Black Thursday: Area residents leave dinner tables for holiday bargainsPublished 1:15pm Saturday, November 30, 2013
FRANKLIN—Many area residents left the Thanksgiving dinner table early Thursday to take advantage of huge early saving purchases offered by a host of stores in the Franklin area. In previous years with luck, one might have found a gas station or a mom-and-pop convenience store open on Thanksgiving Day, but not a major department store. For 2013, enter on the scene Black Thursday and super sales to entice shoppers to leave the turkey and loved ones at home to capitalize on saving a few dollars. At the Franklin Mall, the parking lot was packed tight long before the store opened at 7 p.m. for the advertised special items. Others, such as Belk opened at 8 p.m., and remained opened all night.
Liz Mullins of Franklin was the first in line at the Belk department store arriving to claim the prize spot at 5 p.m. She said she did eat a Thanksgiving meal at home, but had to leave to be able to purchase some boots and get the free gift card that was advertised to be given away. Mullins added that a family member did stop by to give her some hot chocolate and another plate of food during her wait.
Around 5:30 p.m., she was joined by Jaime Daughtery of Suffolk, Tralane Barham of Southampton County and Makeshia Sykes of Franklin. Sykes said she had come straight from work at Deerfield Correctional Center and had not eaten the Thanksgiving meal, but was also seeking the special deals and the free gift card.
All four, plus hundreds others present, were dressed for the weather, which was in the mid-30s, and in high spirits.
A key admitted motivation for the early arrival of these four shoppers was a great sale on boots and the free gift cards. For the first 250 shoppers, cards valued from $5 to $1,000 would be given. Belk Store Manager Tonya Faison assisted by Liz Burgess, the operation team audit staff member, opened the store at exactly 8 p.m. and proceeded to pass out the gift cards and greet the customers. It did not take that long for the two to pass out the cards, and the shoppers continued to file into the store.
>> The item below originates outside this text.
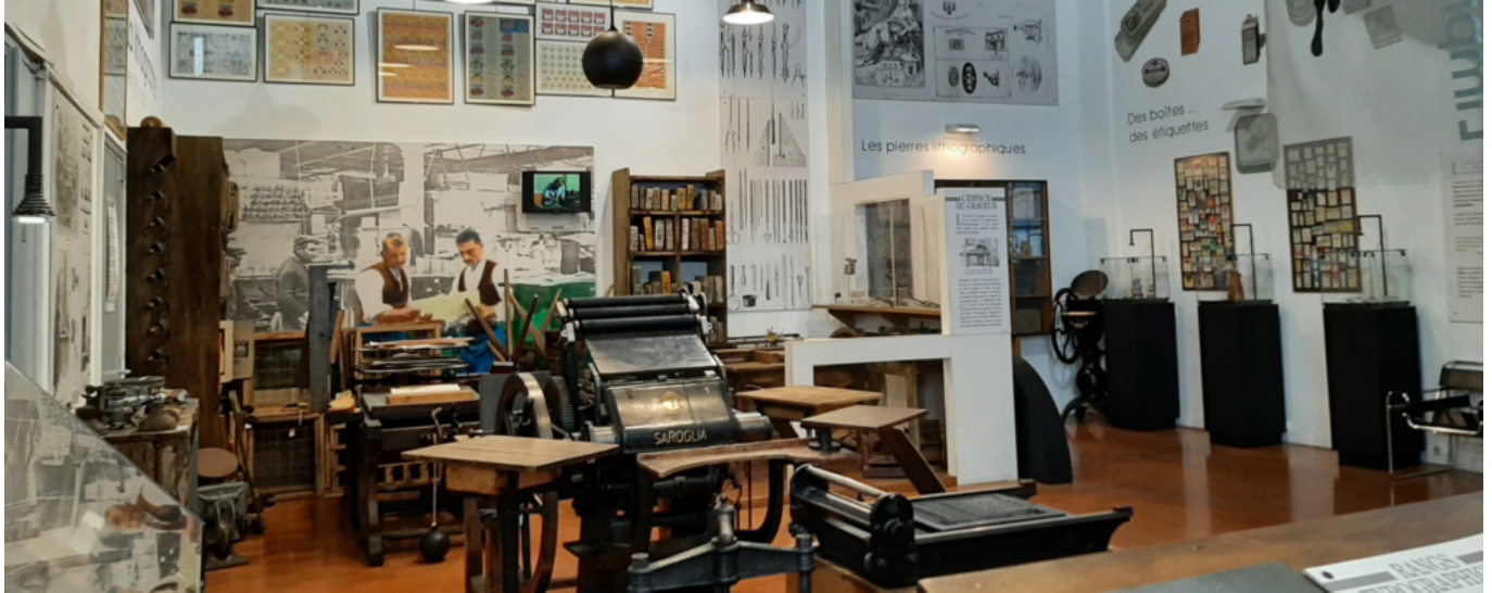
Musée du cartonnage à Valréas

Samedi à 11h, sur inscription au 04 90 35 58 75.

Unlike the frenzy of pushing and shoving shown on TV of national Black Thursday/Friday sales in other cities, Franklin was orderly with shoppers respectful of each other and thankful for the great deals.
Both staff members seemed pleased with the turnout of shoppers, and added that no one had yet displayed the $1,000 gift card. A visual of the shoppers projected that many were pleased with the Black Thursday event as they quickly made their purchases and departed the store.